• **EXERCISE**
Images are to be excluded, and the rest of the data repeated exactly.

• **COLLECTED DATA**

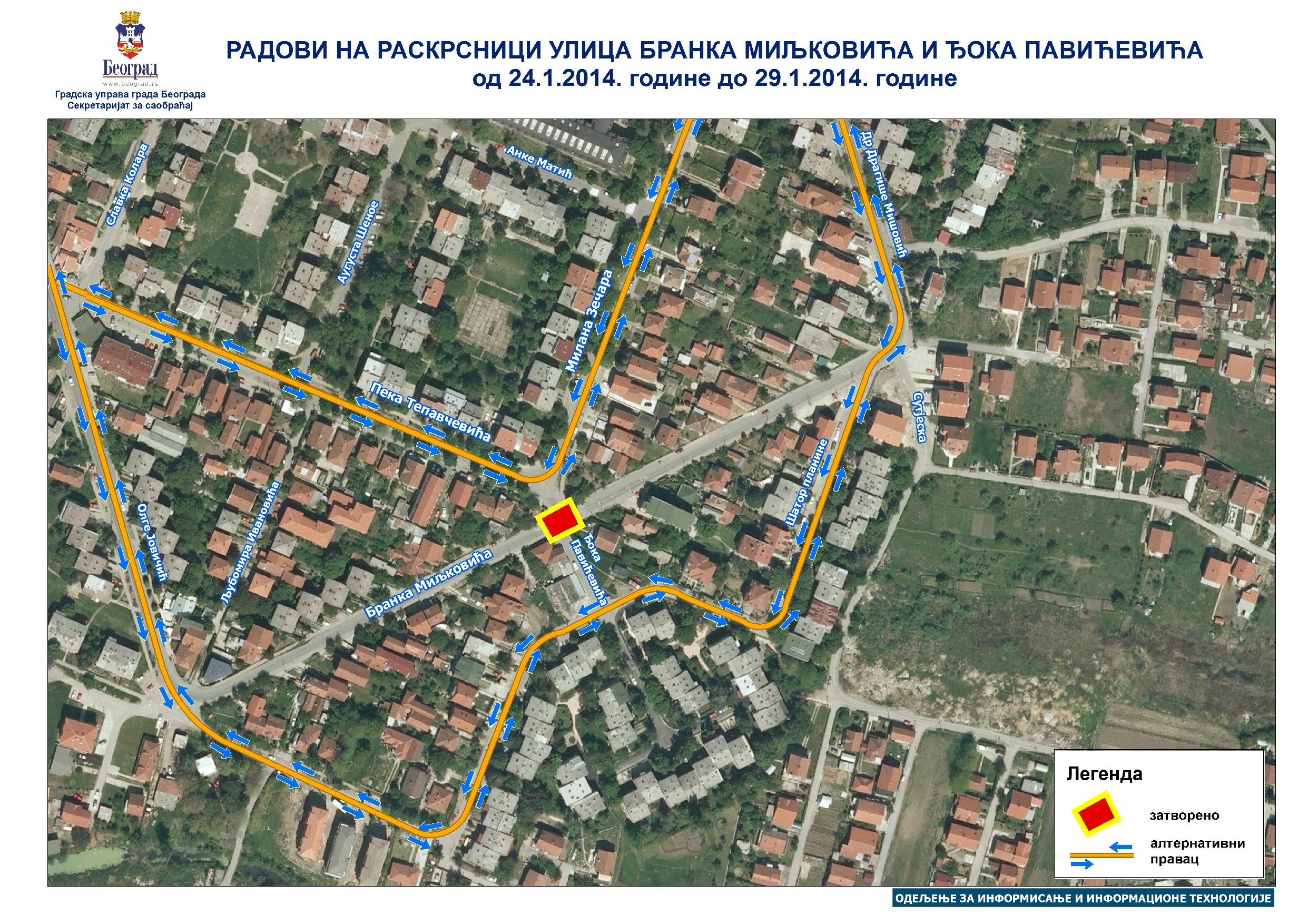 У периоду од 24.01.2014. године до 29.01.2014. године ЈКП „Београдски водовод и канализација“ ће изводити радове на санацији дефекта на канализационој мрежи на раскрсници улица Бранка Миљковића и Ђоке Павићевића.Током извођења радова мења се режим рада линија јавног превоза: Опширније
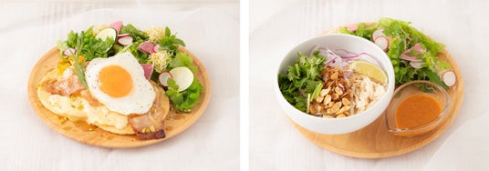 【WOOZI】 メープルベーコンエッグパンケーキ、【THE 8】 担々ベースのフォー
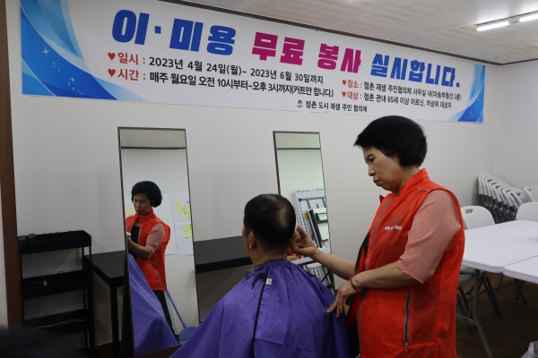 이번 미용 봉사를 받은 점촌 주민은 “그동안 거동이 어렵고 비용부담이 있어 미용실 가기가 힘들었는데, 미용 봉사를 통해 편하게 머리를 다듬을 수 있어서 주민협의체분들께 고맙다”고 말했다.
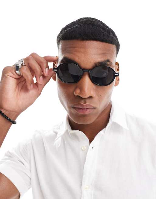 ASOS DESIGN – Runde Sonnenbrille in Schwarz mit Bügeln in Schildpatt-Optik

• **TASK SOLUTION**
 У периоду од 24.01.2014. године до 29.01.2014. године ЈКП „Београдски водовод и канализација“ ће изводити радове на санацији дефекта на канализационој мрежи на раскрсници улица Бранка Миљковића и Ђоке Павићевића.Током извођења радова мења се режим рада линија јавног превоза: Опширније
 【WOOZI】 メープルベーコンエッグパンケーキ、【THE 8】 担々ベースのフォー
 이번 미용 봉사를 받은 점촌 주민은 “그동안 거동이 어렵고 비용부담이 있어 미용실 가기가 힘들었는데, 미용 봉사를 통해 편하게 머리를 다듬을 수 있어서 주민협의체분들께 고맙다”고 말했다.
 ASOS DESIGN – Runde Sonnenbrille in Schwarz mit Bügeln in Schildpatt-Optik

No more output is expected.